(DATA SHOWN Opens)

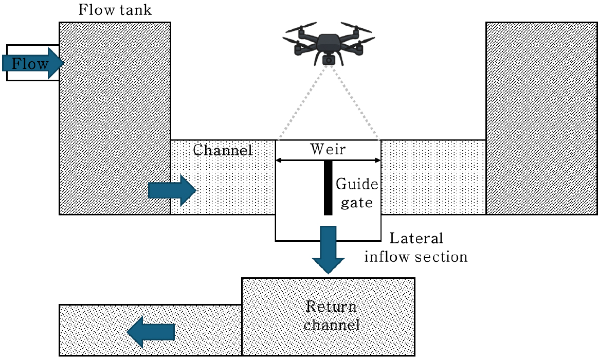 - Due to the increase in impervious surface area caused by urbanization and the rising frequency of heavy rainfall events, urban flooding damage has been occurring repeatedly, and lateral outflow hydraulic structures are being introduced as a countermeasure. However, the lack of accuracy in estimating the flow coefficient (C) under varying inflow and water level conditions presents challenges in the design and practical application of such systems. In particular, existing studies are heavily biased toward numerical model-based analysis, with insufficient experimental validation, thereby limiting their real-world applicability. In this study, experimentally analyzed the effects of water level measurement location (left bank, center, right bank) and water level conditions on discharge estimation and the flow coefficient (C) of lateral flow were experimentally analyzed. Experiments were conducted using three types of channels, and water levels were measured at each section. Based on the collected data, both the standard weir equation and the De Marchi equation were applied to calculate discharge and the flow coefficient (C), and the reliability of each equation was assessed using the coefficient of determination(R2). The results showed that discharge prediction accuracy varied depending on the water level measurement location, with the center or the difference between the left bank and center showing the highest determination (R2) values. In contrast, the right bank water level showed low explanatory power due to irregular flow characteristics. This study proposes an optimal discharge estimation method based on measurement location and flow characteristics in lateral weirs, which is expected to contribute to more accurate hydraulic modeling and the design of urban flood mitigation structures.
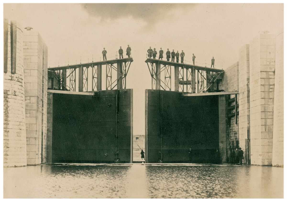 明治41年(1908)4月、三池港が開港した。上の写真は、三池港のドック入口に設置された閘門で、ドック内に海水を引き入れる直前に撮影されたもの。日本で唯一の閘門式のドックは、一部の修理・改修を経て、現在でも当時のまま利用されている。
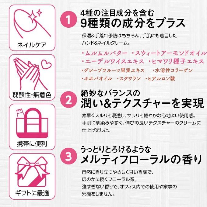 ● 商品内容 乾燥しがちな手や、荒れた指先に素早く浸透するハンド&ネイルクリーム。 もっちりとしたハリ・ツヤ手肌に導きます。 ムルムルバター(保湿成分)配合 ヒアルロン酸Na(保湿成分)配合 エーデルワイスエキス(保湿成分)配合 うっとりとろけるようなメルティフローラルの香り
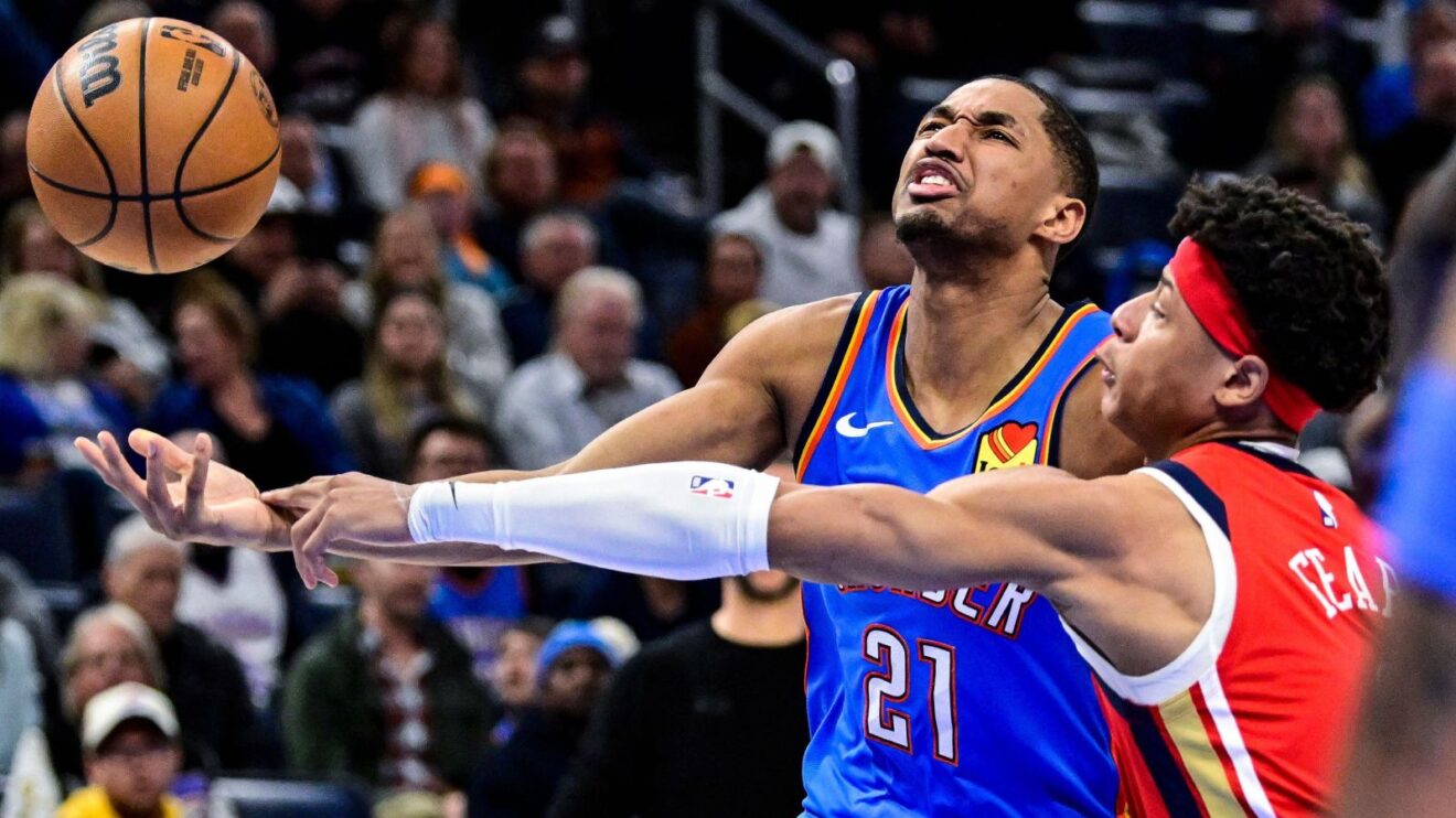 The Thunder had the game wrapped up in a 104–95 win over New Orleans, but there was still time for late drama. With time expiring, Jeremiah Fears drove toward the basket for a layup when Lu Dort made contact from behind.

(DATA SHOWN Closes)
(DATA SHOWN Opens)

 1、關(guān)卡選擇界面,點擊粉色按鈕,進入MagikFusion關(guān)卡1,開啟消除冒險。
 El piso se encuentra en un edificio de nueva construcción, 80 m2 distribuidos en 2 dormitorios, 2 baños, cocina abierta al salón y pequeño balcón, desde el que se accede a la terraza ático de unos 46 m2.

(DATA SHOWN Closes)

● WHAT THE TASK REQUIRES
In the listing above, find the line with "ヒアルロン酸Na(保湿成分)配合 エーデルワイスエキス(保湿成分)配合 うっとりとろけるようなメルティフローラルの香り" and output every line through the one with "The Thunder had", exactly, without the pictures.

● TASK RESULT
 ● 商品内容 乾燥しがちな手や、荒れた指先に素早く浸透するハンド&ネイルクリーム。 もっちりとしたハリ・ツヤ手肌に導きます。 ムルムルバター(保湿成分)配合 ヒアルロン酸Na(保湿成分)配合 エーデルワイスエキス(保湿成分)配合 うっとりとろけるようなメルティフローラルの香り
 The Thunder had the game wrapped up in a 104–95 win over New Orleans, but there was still time for late drama. With time expiring, Jeremiah Fears drove toward the basket for a layup when Lu Dort made contact from behind.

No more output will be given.